More than 1,800.
That’s how many signatures were on petitions a group of citizens submitted to the City Council and Milwaukee County Supervisor Pat Jursik last week asking for the Mill Pond to be dredged – returning the waterway to its past glory.
Former Alderwoman Mary Nelson made the presentation to the council, and she offered a few words in support of the effort to restore the Mill Pond. Her message: The pond is an important part of South Milwaukee’s heritage and needs to be dredged so it can be brought back to its former beauty and use as a recreational attraction (including ice skating).
Mayor Tom Zepecki also spoke briefly, saying the city can play a role in doing so, but the Mill Pond is county property, and the county must lead on any improvements – including what could be a $1 million dredging project that may not last a decade.
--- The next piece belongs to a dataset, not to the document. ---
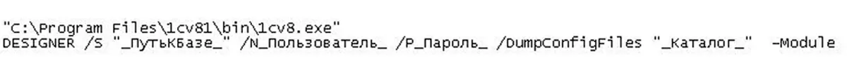 - /DumpCfg _ИмяФайла_ – запуск механизма сохранения конфигурации в файл формата cf;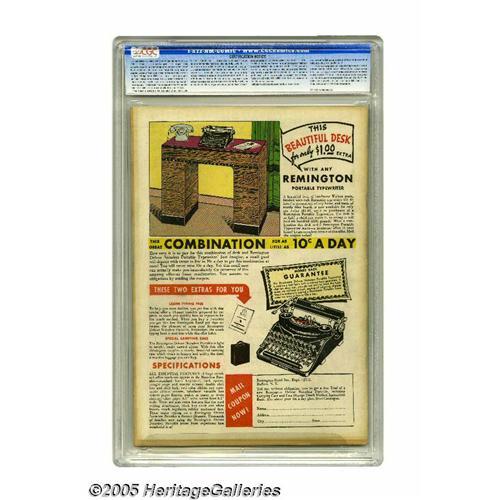 <B>Captain Marvel Adventures #5 Crowley Copy pedigree - File Copy (Fawcett, 1941) CGC VF 8.0 Cream to off-white pages.</B></I> C. C. Beck drew both this issue's vertigo-inducing cover and the interior art. And though the Nazi menace is battled on the cover, it's archfoe Sivana who bedevils Captain Marvel in the stories. Though comics featuring the Big Red Cheese were among the top-selling books of their era, they're tough to find in a decent grade -- as of this writing, only two copies of this issue have been graded higher by CGC. Overstreet 2005 VF 8.0 value = $963. CGC census 8/05: 1 in 8.0, 2 higher. <BR><BR><B>Important notice:</B> Heritage usually auctions material at the rate of 200-250 lots per hour. On some occasions eBay Live bid software or the Internet may not be able to keep up with the pace of the auction. We recommend placing a realistic absentee bid now as insurance to avoid disappointment. Occasionally the auctioneer may eliminate or reject an eBay Live bid, and the auctioneer may also reopen a lot after the close of the eBay live bidding (usually because we missed an audience bid), and may reject your bid even if it shows you as the winning bidder. By bidding via eBay Live, you agree that Heritage may award the lot to another bidder at its sole discretion under the circumstances described above or any other reasonable circumstances. Since eBay bids are not shown to us until we open the lot on the floor, we treat those bids just like floor bids. In most cases the floor responds before the eBay bid is presented to us, due to Internet lag time, so for consistency we have made it a policy that floor bids are always considered first over tie eBay live bids. Also please note that all Heritage lots purchased through eBay Live carry a 20% Buyer's Premium. Please make sure you read the Terms and Conditions before you bid. This lot is being auctioned in conjunction with a live floor auction by Heritage Galleries & Auctioneers. All final auction and invoice in

Jursik’s message to the council: Addressing the Mill Pond is a complex issue – a “community decision” and a “shared responsibility” involving the county, city and others.
She stressed her role in trying to bring units together in the past couple years to deal with the short- and long-term future of the Mill Pond and Oak Creek watercourse – a future that may or may not involve saving the pond, or dredging it. Jursik noted that the Wisconsin Department Natural Resources has an order to remove the dam, but it’s not being acted on it, and the most recent attempt to dredge in the late 1990s was poorly done and did not last long.
A broader watershed plan is necessary, Jursik said, and that’s where the focus should be, as well as with Oak Creek bank restoration. (Jursik has helped secure $267,000 toward this purpose in the county’s current capital budget.)
So, where do I stand? I strongly support restoring the vitality of Oak Creek and the Mill Pond and making it a community attraction once again. It’s not now. The Mill Pond should be a source of South Milwaukee pride. Now, it’s an eyesore, in desperate need of improvement.
I credit the Friends of the Mill Pond and Oak Creek Watercourse for what they’ve done to try and stem the decline and begin restoration efforts. And I thank folks like Mary Nelson and Pat Jursik for driving the dialog here. It’s one we need to have.
But what we need now are facts … a detailed look at options for the Mill Pond and Oak Creek that will help drive decisions around what the solution looks like and who pays for what.
The key question that needs to be answered: What is the collective vision for the Mill Pond and Oak Creek, and how do we get there?
It’s a debate I – and apparently more than 1,800 others — look forward to because something needs to be done. That’s something we can all agree on.